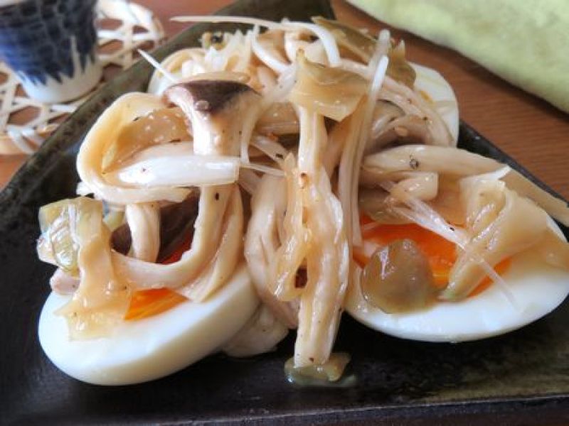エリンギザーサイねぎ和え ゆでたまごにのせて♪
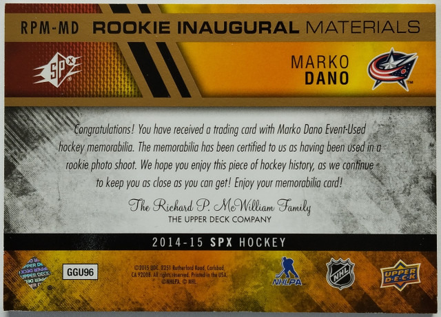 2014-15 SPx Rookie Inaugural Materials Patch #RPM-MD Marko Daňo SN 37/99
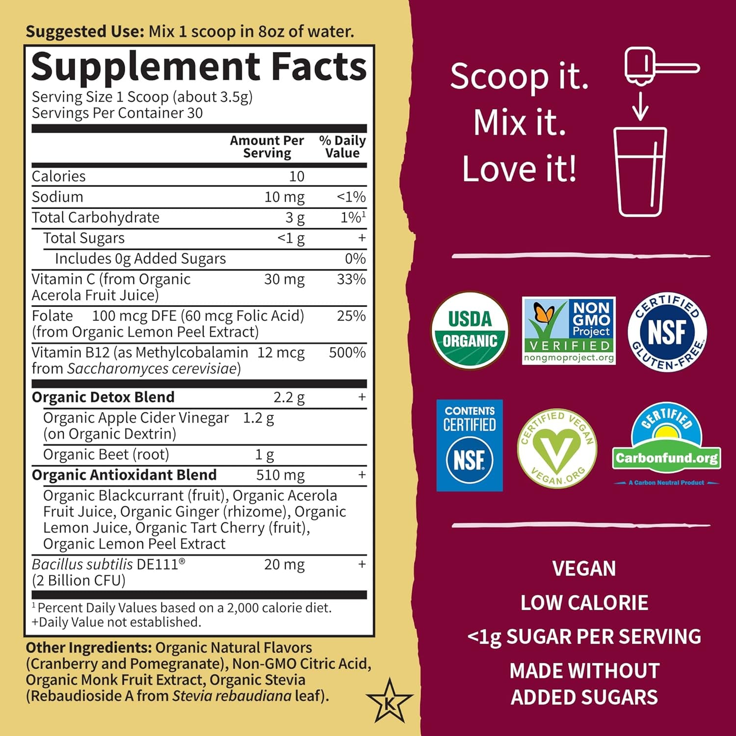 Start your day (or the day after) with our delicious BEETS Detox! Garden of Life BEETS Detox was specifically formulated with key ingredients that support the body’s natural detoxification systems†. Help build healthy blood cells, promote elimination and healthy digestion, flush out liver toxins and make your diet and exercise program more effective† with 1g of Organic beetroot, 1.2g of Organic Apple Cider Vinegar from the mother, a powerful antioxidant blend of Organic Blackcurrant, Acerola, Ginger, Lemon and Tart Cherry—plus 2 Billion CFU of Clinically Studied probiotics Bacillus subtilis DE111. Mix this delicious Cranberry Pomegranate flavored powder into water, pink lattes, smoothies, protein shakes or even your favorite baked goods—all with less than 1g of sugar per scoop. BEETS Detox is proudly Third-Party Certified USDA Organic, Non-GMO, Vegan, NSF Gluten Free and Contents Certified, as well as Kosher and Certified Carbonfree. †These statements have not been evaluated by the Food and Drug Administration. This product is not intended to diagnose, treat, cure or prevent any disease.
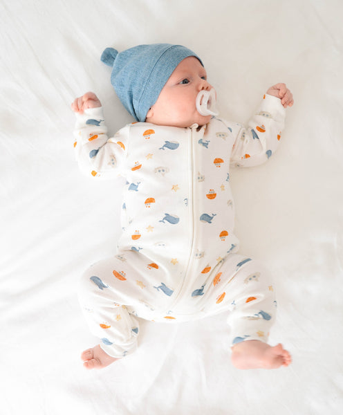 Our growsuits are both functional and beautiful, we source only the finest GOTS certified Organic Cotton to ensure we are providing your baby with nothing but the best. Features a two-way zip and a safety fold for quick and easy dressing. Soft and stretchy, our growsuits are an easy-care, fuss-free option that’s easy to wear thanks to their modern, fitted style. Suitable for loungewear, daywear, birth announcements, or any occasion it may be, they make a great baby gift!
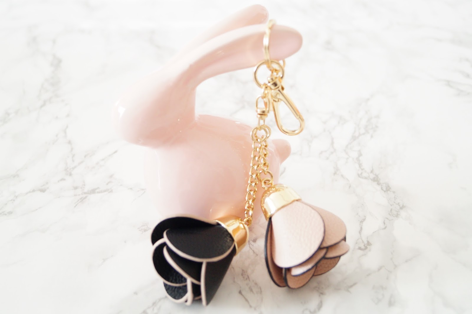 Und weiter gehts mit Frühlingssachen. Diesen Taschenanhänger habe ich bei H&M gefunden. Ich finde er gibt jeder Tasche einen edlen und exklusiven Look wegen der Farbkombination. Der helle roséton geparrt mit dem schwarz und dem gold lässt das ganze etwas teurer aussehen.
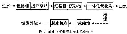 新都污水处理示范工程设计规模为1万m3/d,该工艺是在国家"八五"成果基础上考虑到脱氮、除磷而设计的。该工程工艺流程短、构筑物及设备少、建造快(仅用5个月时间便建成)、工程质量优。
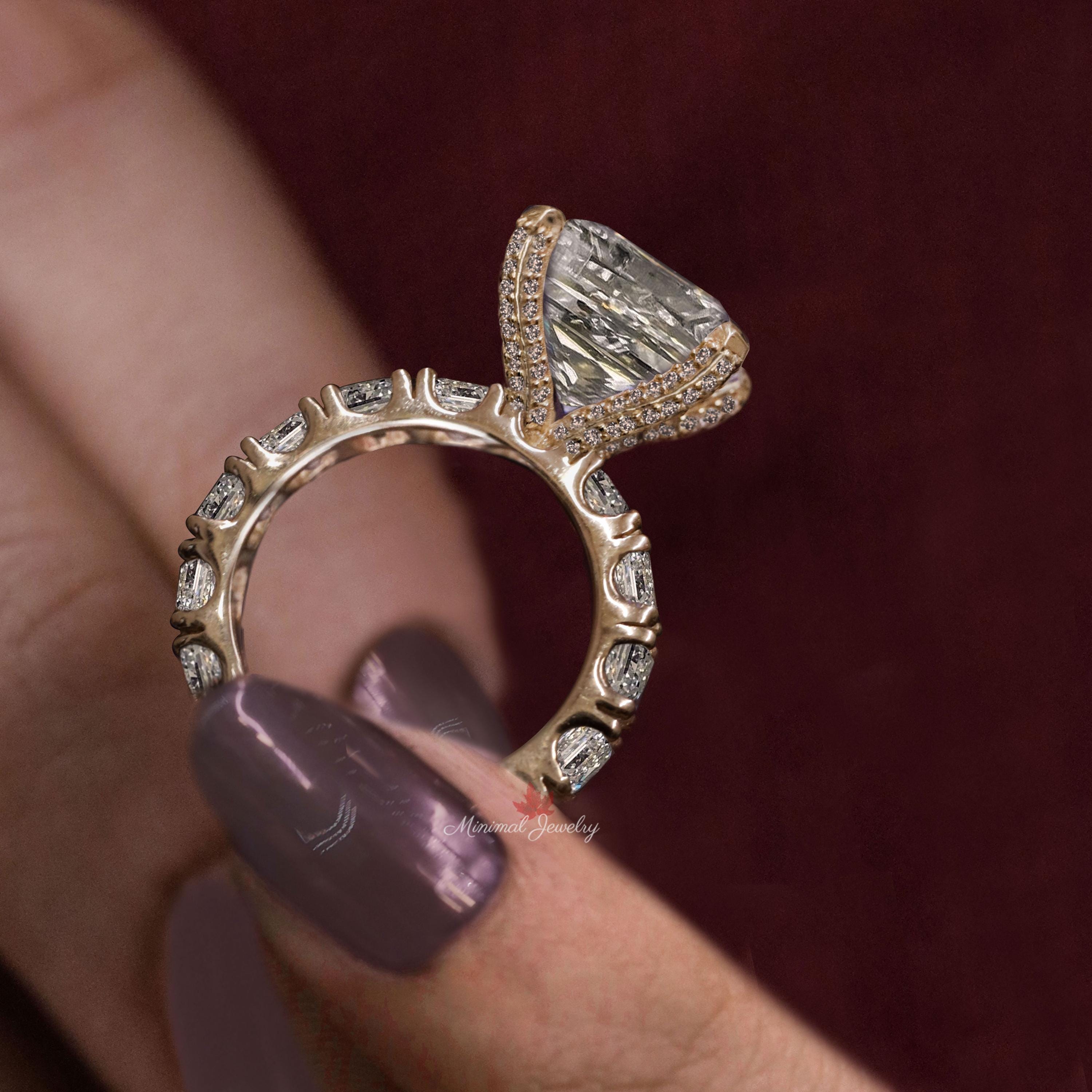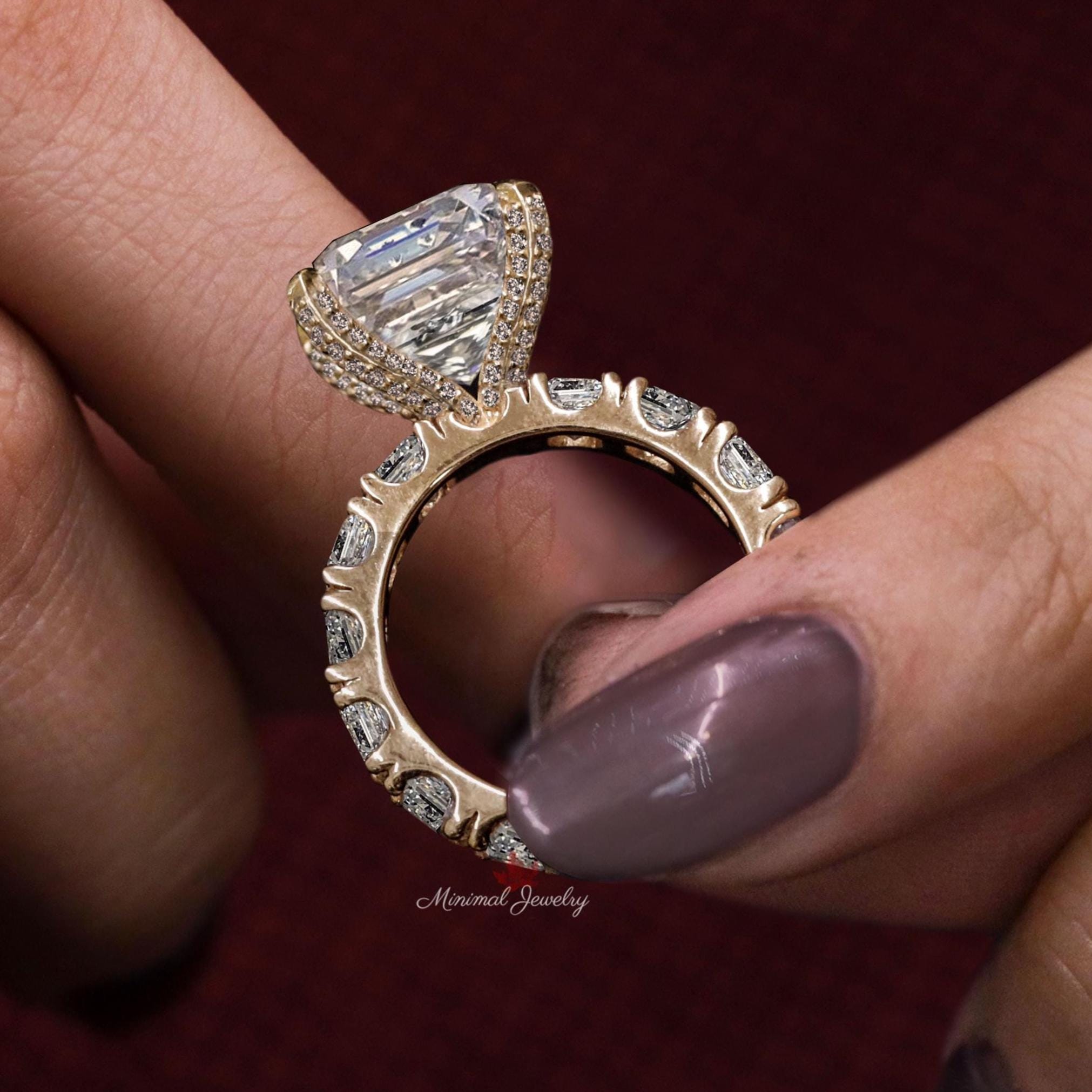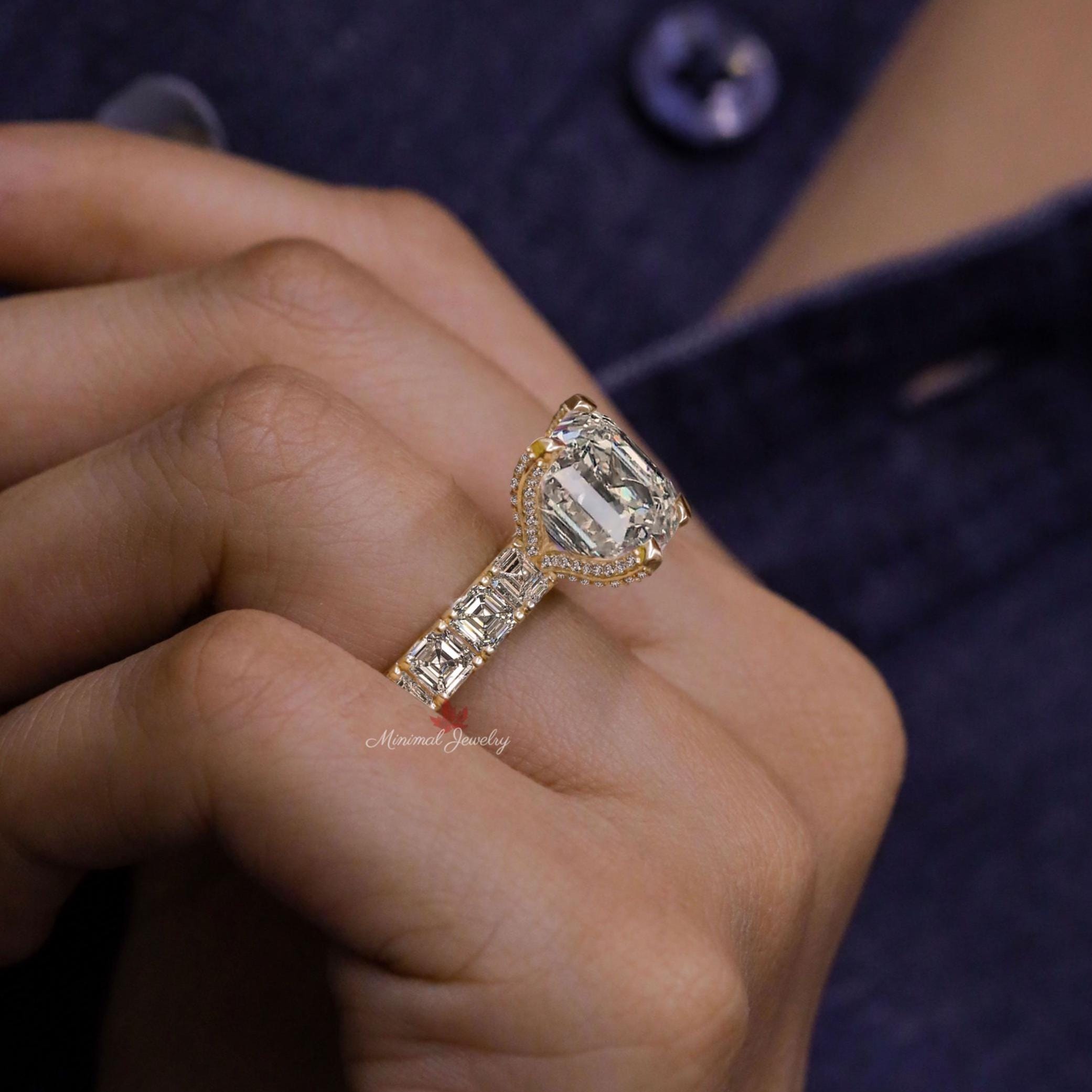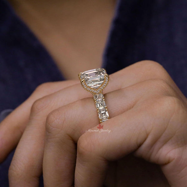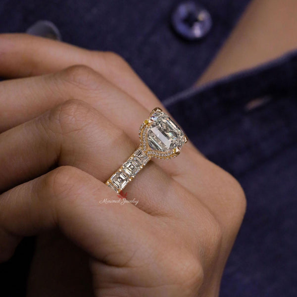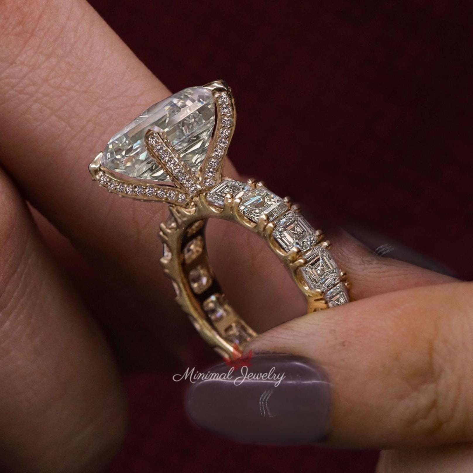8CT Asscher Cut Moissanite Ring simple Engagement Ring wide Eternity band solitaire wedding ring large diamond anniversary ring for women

## [What this task involves]
Copy the lines exactly as they appear from the opening of the entries above through the line with "Start your day", excluding all pictures.

## [Response to the exercise]
エリンギザーサイねぎ和え ゆでたまごにのせて♪
 2014-15 SPx Rookie Inaugural Materials Patch #RPM-MD Marko Daňo SN 37/99
 Start your day (or the day after) with our delicious BEETS Detox! Garden of Life BEETS Detox was specifically formulated with key ingredients that support the body’s natural detoxification systems†. Help build healthy blood cells, promote elimination and healthy digestion, flush out liver toxins and make your diet and exercise program more effective† with 1g of Organic beetroot, 1.2g of Organic Apple Cider Vinegar from the mother, a powerful antioxidant blend of Organic Blackcurrant, Acerola, Ginger, Lemon and Tart Cherry—plus 2 Billion CFU of Clinically Studied probiotics Bacillus subtilis DE111. Mix this delicious Cranberry Pomegranate flavored powder into water, pink lattes, smoothies, protein shakes or even your favorite baked goods—all with less than 1g of sugar per scoop. BEETS Detox is proudly Third-Party Certified USDA Organic, Non-GMO, Vegan, NSF Gluten Free and Contents Certified, as well as Kosher and Certified Carbonfree. †These statements have not been evaluated by the Food and Drug Administration. This product is not intended to diagnose, treat, cure or prevent any disease.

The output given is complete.